**Your instructions:** Transcribe each entry exactly, without pictures.
--- START ---
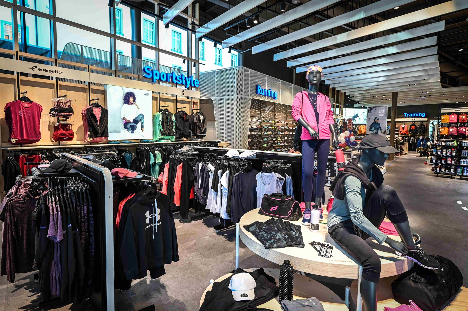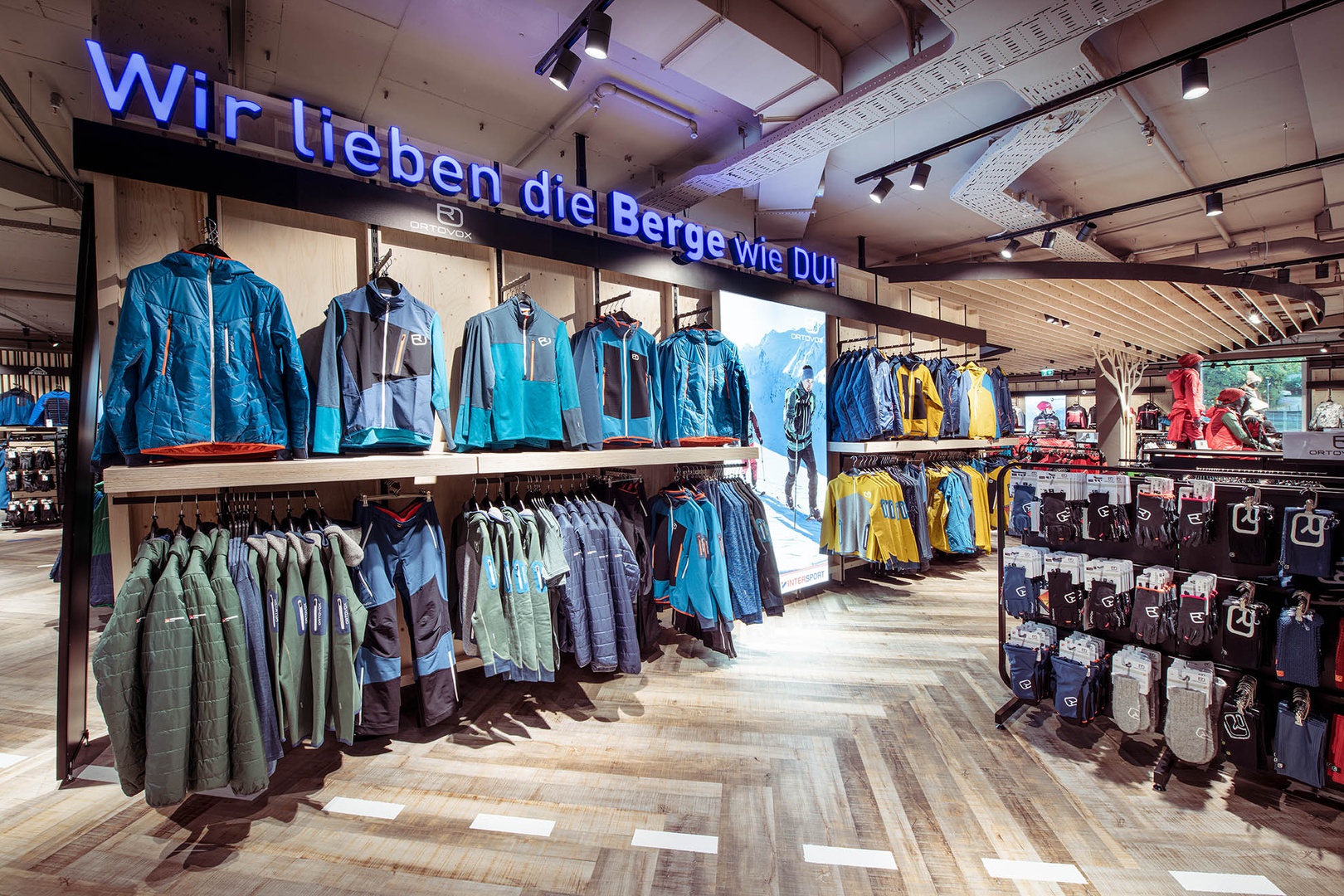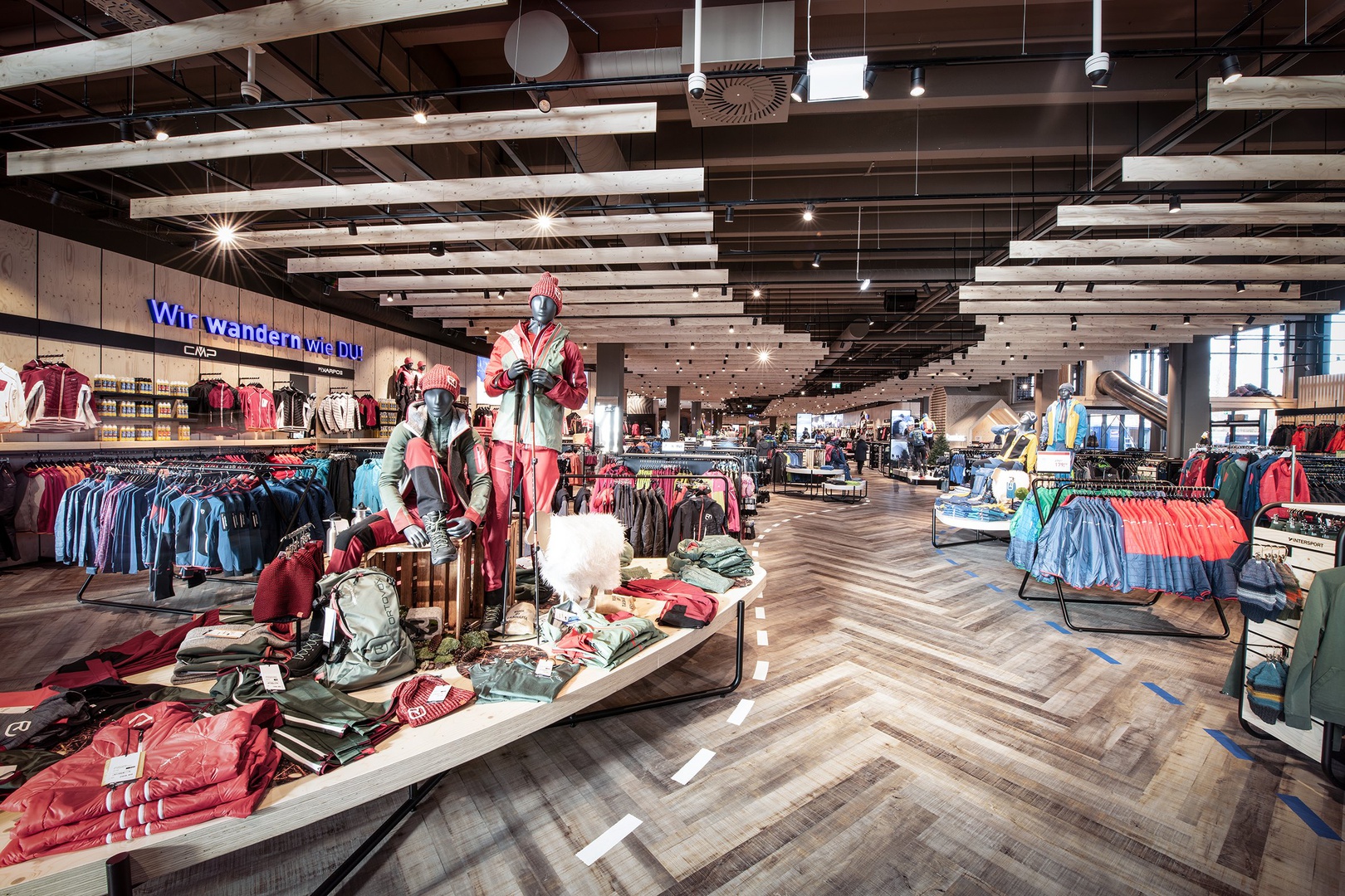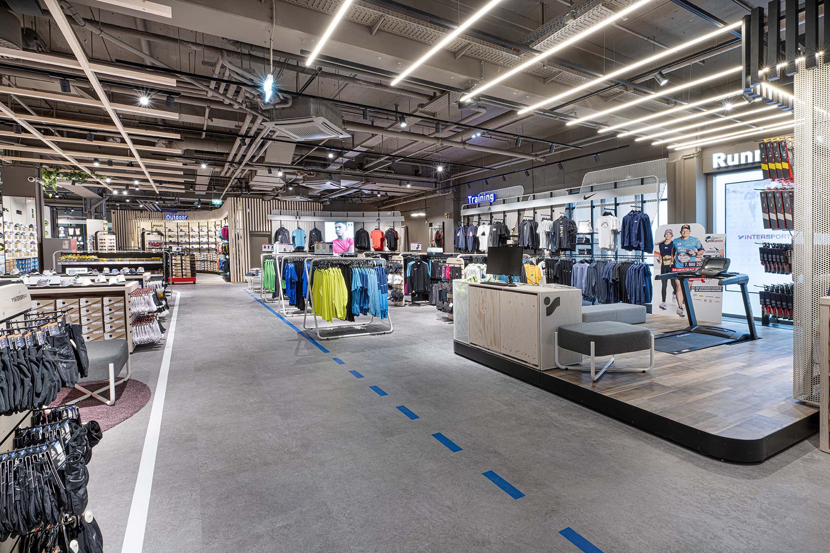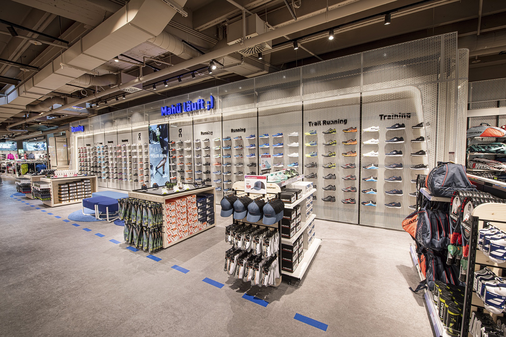 Frische Retailarchitektur mit dem Fokus auf RUNNING, TRAINING, SPORTSSTYLE und natürlich auf OUTDOOR sowie die Saisonen mit SKI & BIKE. Die WERKSTATT vor Ort, RUNNING ANALYSE und BERGSCHUHTESTER gehören heute selbstverständlich zum KUNDENSERVICE dazu. Ein BOULDERBLOCK komplettiert das RUNDUMSERVICE samt coolem ERLEBNIS.
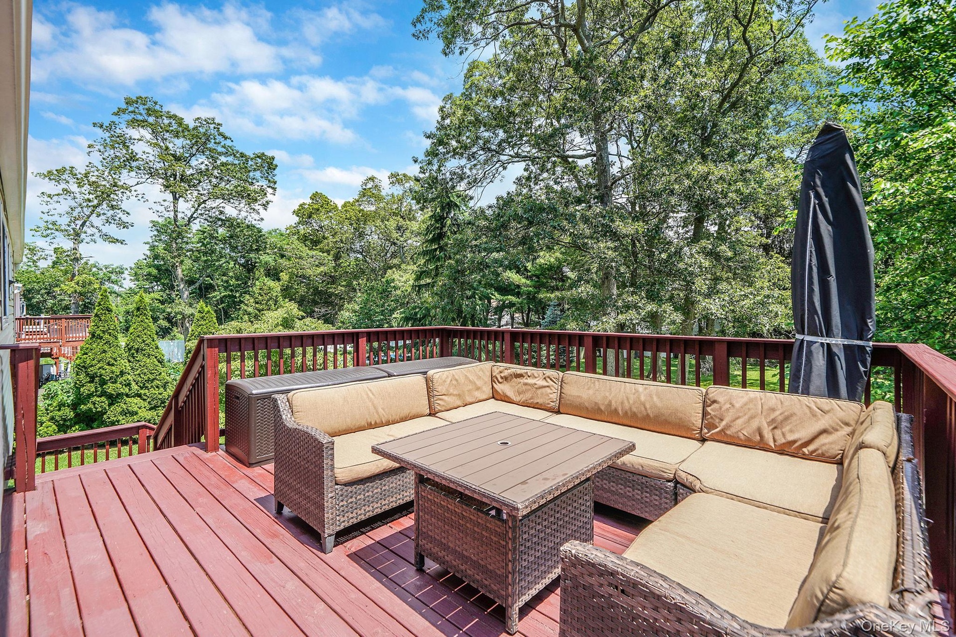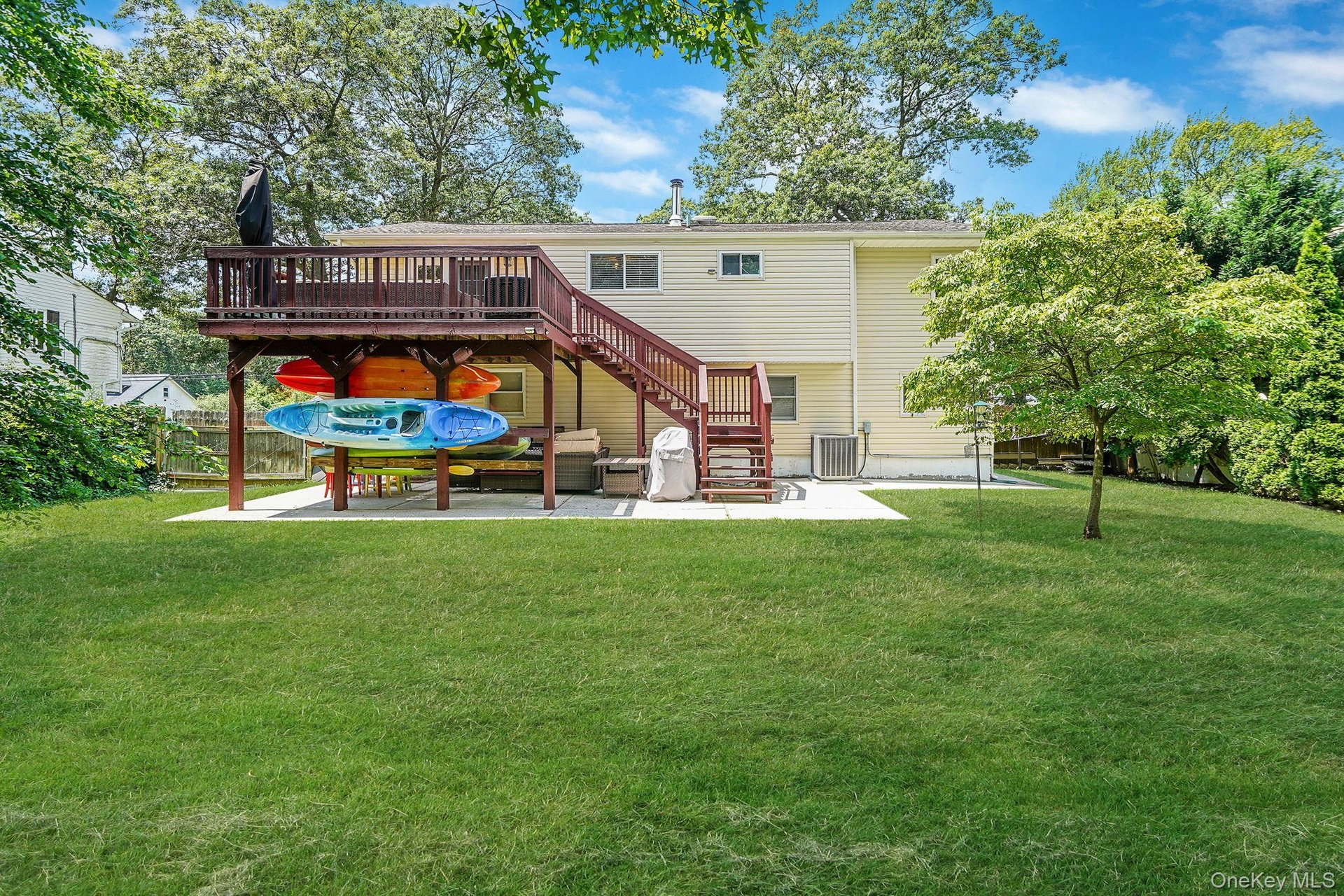 Location! Location! Welcome to this beautifully updated 4-bedroom, 2-bath home for rent in the heart of Ronkonkoma with access to all major highways and LIRR! This spacious and sun-filled residence offers a perfect blend of modern updates and classic charm. Step into the freshly painted interior featuring gleaming hardwood floors throughout, high ceilings, ceiling fans throughout the home offer added comfort year-round. and Andersen windows that bring in plenty of natural light. The updated kitchen is a chef’s dream with stainless steel appliances, tile flooring, a center island with seating, and French doors leading to the deck—ideal for entertaining. The home includes a formal dining room, den, family room, and a wet bar, providing multiple spaces to relax or gather. The main recently updated bathroom features with subway tile, a marble-top vanity, and a pocket door for added privacy. Enjoy the outdoors in the beautifully landscaped, fully fenced yard, complete with pavers, an expanded driveway, and plenty of space for outdoor activities. Don’t miss your chance to rent this home in a desirable location!
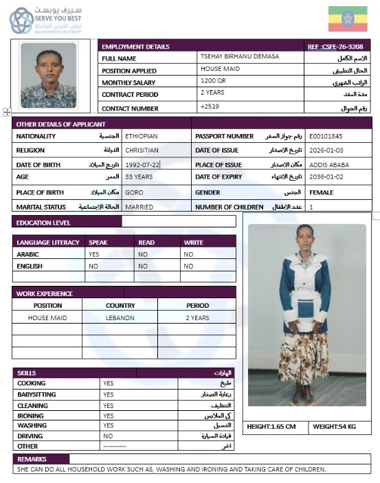 الاسم - عربي TSEHAY BIRHANU DEMASA
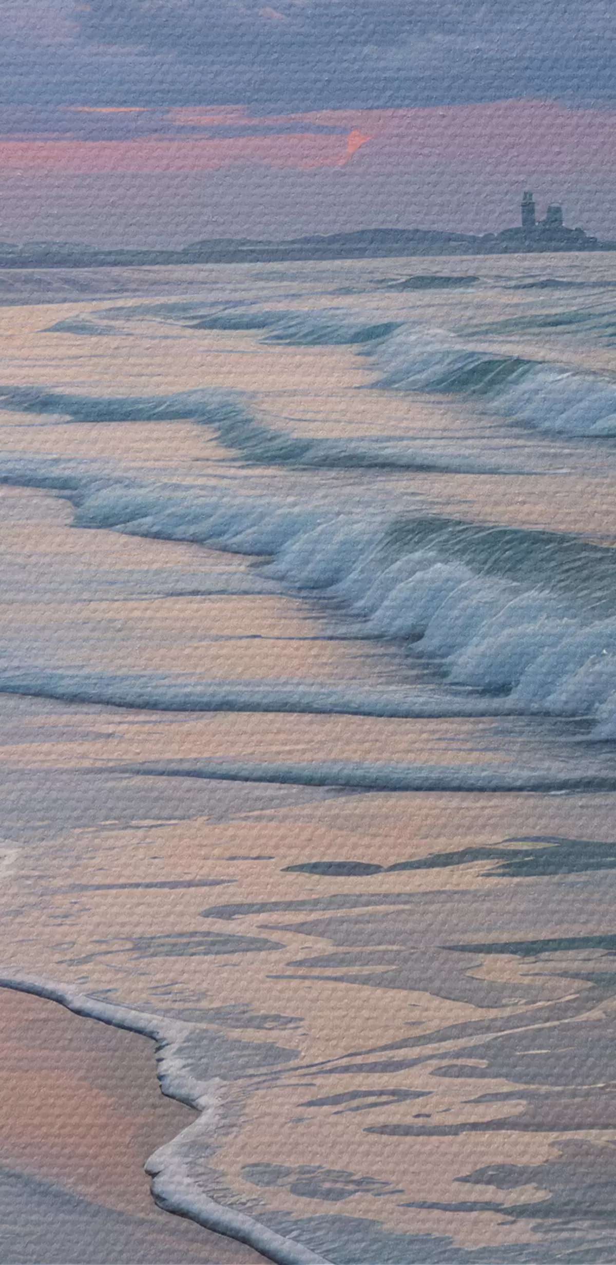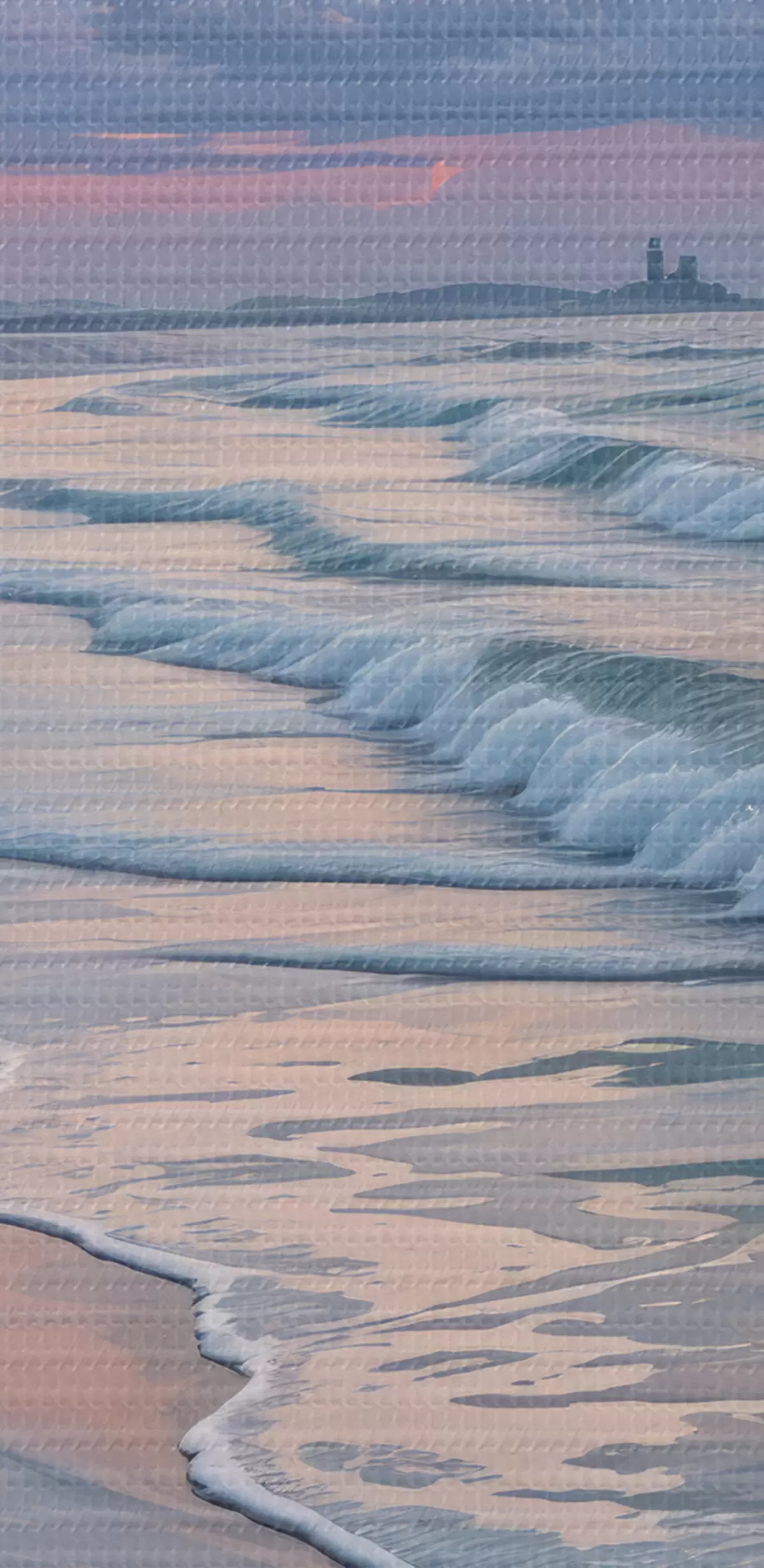 Gemälde Eine ruhige Strandszene bei Sonnenuntergang, mit sanften Wellen, die gegen den Sandstrand schlagen Art. s40606
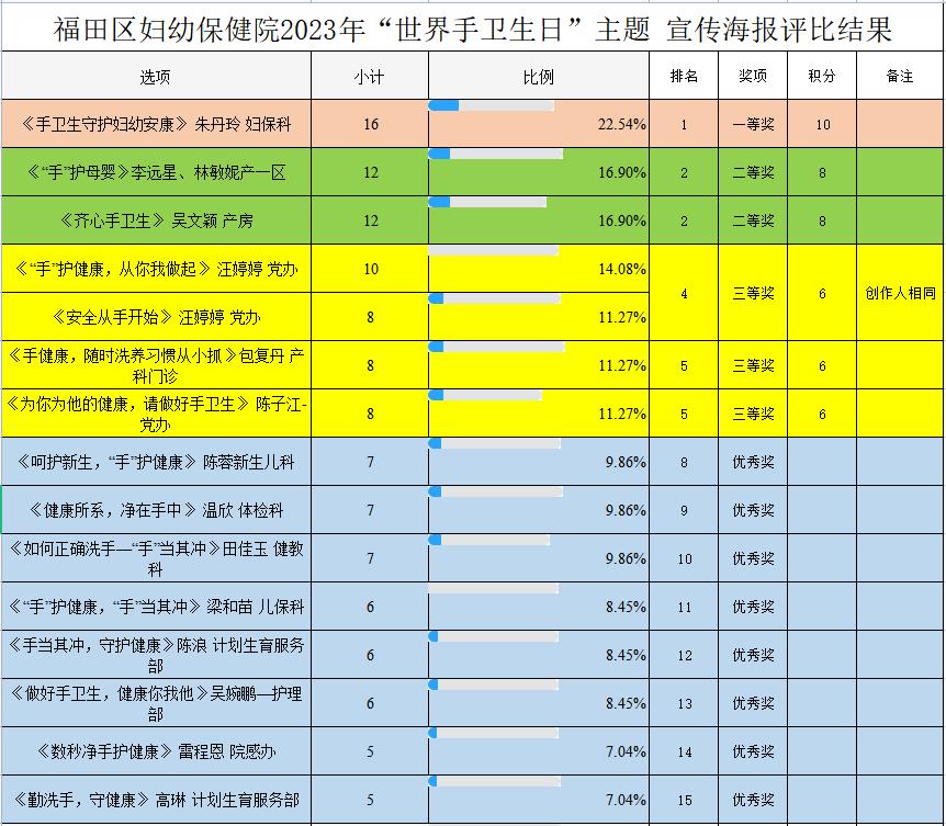 手卫生海报作品大赛是本次主题宣传月活动的重要内容之一。来自全院38个科室的62幅海报作品经宣传发动、层层遴选、最终评审环节,最终评选出15幅获奖作品,其中一等奖1名、二等奖2名、三等奖4名及优秀奖8名。
--- END ---
**Solution:**
 Frische Retailarchitektur mit dem Fokus auf RUNNING, TRAINING, SPORTSSTYLE und natürlich auf OUTDOOR sowie die Saisonen mit SKI & BIKE. Die WERKSTATT vor Ort, RUNNING ANALYSE und BERGSCHUHTESTER gehören heute selbstverständlich zum KUNDENSERVICE dazu. Ein BOULDERBLOCK komplettiert das RUNDUMSERVICE samt coolem ERLEBNIS.
 Location! Location! Welcome to this beautifully updated 4-bedroom, 2-bath home for rent in the heart of Ronkonkoma with access to all major highways and LIRR! This spacious and sun-filled residence offers a perfect blend of modern updates and classic charm. Step into the freshly painted interior featuring gleaming hardwood floors throughout, high ceilings, ceiling fans throughout the home offer added comfort year-round. and Andersen windows that bring in plenty of natural light. The updated kitchen is a chef’s dream with stainless steel appliances, tile flooring, a center island with seating, and French doors leading to the deck—ideal for entertaining. The home includes a formal dining room, den, family room, and a wet bar, providing multiple spaces to relax or gather. The main recently updated bathroom features with subway tile, a marble-top vanity, and a pocket door for added privacy. Enjoy the outdoors in the beautifully landscaped, fully fenced yard, complete with pavers, an expanded driveway, and plenty of space for outdoor activities. Don’t miss your chance to rent this home in a desirable location!
 الاسم - عربي TSEHAY BIRHANU DEMASA
 Gemälde Eine ruhige Strandszene bei Sonnenuntergang, mit sanften Wellen, die gegen den Sandstrand schlagen Art. s40606
 手卫生海报作品大赛是本次主题宣传月活动的重要内容之一。来自全院38个科室的62幅海报作品经宣传发动、层层遴选、最终评审环节,最终评选出15幅获奖作品,其中一等奖1名、二等奖2名、三等奖4名及优秀奖8名。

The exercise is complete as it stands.